EXERCISE REQUIREMENTS —
The following data has a line with "Санки-коляска Ника детям" and a line with "In addition, these". Write out exactly those lines and all the lines between them.

--- START ---

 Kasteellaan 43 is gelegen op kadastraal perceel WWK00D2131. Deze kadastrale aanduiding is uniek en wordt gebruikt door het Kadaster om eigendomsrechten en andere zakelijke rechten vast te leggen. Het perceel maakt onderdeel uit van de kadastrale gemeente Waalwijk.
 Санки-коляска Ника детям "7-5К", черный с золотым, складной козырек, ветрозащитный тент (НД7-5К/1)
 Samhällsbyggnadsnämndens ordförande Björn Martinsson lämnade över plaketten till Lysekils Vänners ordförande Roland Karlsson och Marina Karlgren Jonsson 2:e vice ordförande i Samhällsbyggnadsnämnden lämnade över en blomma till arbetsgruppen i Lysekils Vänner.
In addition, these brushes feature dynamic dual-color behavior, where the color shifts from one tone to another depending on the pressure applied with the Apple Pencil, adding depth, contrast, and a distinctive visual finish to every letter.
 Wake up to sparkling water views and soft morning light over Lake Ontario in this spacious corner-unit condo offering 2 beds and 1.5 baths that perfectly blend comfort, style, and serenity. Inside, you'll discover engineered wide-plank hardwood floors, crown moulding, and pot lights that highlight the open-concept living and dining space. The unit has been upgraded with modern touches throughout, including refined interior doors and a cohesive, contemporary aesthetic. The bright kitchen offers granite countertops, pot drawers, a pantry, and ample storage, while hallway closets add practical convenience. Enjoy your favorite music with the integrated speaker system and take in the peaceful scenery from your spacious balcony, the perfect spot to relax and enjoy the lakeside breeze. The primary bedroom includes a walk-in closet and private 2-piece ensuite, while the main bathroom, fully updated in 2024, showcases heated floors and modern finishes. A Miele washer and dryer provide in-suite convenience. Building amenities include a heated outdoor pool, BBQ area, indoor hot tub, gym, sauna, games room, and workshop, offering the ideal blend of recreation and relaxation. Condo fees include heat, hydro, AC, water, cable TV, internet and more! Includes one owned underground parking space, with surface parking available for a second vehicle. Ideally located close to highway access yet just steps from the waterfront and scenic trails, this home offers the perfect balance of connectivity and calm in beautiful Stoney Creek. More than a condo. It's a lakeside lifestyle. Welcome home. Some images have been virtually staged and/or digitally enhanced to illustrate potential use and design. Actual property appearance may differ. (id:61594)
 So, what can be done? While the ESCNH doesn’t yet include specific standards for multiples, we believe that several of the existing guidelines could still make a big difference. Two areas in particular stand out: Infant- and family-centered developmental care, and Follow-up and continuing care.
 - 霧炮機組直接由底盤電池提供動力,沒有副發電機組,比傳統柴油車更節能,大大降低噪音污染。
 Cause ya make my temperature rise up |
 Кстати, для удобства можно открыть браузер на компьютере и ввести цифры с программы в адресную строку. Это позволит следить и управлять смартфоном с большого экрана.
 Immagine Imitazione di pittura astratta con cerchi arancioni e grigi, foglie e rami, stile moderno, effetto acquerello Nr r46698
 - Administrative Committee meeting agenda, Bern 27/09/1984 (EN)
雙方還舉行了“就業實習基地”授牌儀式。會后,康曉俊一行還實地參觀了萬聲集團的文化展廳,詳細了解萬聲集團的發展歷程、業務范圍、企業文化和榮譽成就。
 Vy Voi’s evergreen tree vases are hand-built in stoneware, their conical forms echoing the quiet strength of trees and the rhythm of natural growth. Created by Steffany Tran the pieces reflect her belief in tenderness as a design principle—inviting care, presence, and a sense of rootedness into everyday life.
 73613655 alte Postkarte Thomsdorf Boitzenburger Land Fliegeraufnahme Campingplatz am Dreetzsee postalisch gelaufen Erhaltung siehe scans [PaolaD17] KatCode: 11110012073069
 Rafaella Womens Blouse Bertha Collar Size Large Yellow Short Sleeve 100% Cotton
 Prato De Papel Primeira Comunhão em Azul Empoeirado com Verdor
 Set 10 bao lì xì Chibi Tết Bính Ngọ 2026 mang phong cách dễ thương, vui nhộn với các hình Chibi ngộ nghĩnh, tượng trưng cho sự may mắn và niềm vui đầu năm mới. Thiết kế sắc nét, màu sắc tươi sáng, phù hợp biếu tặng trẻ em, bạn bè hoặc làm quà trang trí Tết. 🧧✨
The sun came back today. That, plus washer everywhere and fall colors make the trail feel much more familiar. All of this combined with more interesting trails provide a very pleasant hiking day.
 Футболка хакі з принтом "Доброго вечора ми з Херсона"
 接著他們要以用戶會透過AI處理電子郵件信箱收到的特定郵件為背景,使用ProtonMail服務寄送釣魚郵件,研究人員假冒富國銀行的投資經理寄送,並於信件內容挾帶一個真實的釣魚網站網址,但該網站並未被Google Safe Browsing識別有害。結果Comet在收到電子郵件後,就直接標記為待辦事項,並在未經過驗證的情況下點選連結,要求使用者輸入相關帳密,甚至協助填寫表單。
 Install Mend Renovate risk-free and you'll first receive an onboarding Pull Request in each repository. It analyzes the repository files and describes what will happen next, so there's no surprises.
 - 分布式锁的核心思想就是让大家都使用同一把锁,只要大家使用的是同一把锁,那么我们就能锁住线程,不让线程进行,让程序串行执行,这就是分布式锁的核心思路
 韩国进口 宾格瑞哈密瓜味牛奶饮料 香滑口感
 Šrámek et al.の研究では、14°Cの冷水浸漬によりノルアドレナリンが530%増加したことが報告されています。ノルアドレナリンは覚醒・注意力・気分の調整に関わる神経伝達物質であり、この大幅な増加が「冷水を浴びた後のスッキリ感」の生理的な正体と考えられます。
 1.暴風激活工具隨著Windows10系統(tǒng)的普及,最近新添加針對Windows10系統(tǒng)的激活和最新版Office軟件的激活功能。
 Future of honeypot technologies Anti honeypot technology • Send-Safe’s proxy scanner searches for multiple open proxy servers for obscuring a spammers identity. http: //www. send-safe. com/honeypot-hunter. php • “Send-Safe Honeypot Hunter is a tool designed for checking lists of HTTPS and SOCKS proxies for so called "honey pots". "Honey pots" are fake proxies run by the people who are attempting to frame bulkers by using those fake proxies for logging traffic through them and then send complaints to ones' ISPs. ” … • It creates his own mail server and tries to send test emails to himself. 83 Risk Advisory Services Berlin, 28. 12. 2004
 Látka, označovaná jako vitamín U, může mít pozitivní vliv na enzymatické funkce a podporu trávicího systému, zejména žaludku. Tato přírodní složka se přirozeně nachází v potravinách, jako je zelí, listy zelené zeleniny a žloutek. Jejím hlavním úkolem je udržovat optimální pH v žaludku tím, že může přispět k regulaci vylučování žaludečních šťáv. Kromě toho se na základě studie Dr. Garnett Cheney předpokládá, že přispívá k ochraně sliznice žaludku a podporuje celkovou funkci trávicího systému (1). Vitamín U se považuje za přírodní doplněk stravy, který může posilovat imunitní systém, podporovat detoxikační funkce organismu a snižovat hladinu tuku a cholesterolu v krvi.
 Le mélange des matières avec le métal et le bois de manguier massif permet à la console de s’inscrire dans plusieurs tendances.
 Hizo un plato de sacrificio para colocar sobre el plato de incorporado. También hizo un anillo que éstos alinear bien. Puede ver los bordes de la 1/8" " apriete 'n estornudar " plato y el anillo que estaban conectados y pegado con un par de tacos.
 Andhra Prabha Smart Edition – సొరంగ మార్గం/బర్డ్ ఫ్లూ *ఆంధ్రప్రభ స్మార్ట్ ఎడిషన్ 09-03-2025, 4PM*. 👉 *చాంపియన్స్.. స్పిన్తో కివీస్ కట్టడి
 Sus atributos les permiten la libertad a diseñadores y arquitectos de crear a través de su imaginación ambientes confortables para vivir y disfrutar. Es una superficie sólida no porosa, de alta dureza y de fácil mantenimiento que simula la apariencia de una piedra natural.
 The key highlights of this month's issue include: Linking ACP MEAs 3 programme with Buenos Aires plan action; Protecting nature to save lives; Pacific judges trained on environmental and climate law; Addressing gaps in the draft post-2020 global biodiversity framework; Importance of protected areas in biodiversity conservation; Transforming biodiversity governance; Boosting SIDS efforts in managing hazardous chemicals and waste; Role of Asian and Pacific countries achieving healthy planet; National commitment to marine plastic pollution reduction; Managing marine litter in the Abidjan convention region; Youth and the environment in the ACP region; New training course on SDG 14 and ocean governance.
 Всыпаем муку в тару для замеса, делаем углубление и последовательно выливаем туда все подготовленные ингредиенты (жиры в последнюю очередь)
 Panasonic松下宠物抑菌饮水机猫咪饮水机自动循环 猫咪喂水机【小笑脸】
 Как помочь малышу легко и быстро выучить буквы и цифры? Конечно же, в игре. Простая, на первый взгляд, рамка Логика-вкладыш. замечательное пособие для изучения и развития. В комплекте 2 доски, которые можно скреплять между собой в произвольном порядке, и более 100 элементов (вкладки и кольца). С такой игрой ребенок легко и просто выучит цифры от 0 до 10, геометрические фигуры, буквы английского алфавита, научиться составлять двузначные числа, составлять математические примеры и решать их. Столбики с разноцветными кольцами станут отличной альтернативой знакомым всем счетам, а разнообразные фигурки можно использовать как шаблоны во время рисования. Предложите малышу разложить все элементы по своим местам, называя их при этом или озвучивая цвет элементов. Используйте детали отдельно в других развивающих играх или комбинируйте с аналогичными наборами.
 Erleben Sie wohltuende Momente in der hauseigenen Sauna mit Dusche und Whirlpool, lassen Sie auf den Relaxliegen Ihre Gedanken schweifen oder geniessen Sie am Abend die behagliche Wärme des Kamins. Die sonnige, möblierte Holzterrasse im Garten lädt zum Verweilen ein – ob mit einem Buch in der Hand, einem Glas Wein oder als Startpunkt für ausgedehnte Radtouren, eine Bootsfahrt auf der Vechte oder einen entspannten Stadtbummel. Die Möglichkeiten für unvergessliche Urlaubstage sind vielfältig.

--- END ---

RESPONSE BELOW —
 Санки-коляска Ника детям "7-5К", черный с золотым, складной козырек, ветрозащитный тент (НД7-5К/1)
 Samhällsbyggnadsnämndens ordförande Björn Martinsson lämnade över plaketten till Lysekils Vänners ordförande Roland Karlsson och Marina Karlgren Jonsson 2:e vice ordförande i Samhällsbyggnadsnämnden lämnade över en blomma till arbetsgruppen i Lysekils Vänner.
In addition, these brushes feature dynamic dual-color behavior, where the color shifts from one tone to another depending on the pressure applied with the Apple Pencil, adding depth, contrast, and a distinctive visual finish to every letter.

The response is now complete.